> [TO DO]:
Write out, word for word, every line in the data below from the one containing "The Tema e Variazioni" to the one containing "筹码集中度方面,截至2023", both of them included.

> [THE DATA]:

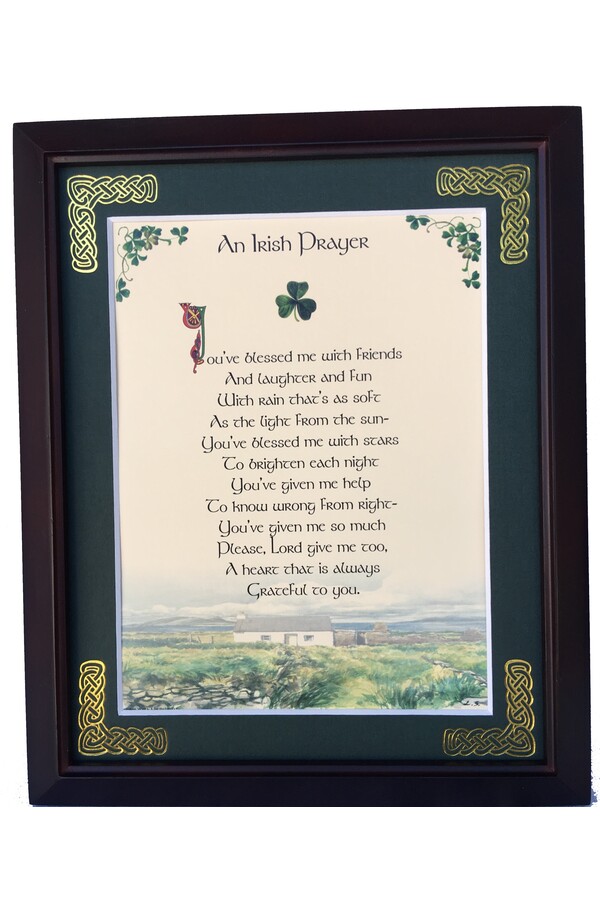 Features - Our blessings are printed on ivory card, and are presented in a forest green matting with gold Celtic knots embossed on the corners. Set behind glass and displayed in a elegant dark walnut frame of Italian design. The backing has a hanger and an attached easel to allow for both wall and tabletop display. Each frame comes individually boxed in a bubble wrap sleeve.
* * *
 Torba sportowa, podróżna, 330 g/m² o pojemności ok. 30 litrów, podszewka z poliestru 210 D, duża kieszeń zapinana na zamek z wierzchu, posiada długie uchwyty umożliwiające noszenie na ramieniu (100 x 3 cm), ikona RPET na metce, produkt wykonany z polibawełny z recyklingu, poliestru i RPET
* * *
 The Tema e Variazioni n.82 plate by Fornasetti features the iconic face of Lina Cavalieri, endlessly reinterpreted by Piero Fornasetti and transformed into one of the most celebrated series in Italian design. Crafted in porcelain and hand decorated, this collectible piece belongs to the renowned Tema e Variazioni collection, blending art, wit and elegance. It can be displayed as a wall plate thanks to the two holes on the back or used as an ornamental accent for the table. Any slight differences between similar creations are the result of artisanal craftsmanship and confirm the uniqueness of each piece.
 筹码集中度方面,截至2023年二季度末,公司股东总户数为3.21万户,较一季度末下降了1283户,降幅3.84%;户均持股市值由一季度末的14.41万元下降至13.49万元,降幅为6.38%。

> [RESPONSE BOX]:
 The Tema e Variazioni n.82 plate by Fornasetti features the iconic face of Lina Cavalieri, endlessly reinterpreted by Piero Fornasetti and transformed into one of the most celebrated series in Italian design. Crafted in porcelain and hand decorated, this collectible piece belongs to the renowned Tema e Variazioni collection, blending art, wit and elegance. It can be displayed as a wall plate thanks to the two holes on the back or used as an ornamental accent for the table. Any slight differences between similar creations are the result of artisanal craftsmanship and confirm the uniqueness of each piece.
 筹码集中度方面,截至2023年二季度末,公司股东总户数为3.21万户,较一季度末下降了1283户,降幅3.84%;户均持股市值由一季度末的14.41万元下降至13.49万元,降幅为6.38%。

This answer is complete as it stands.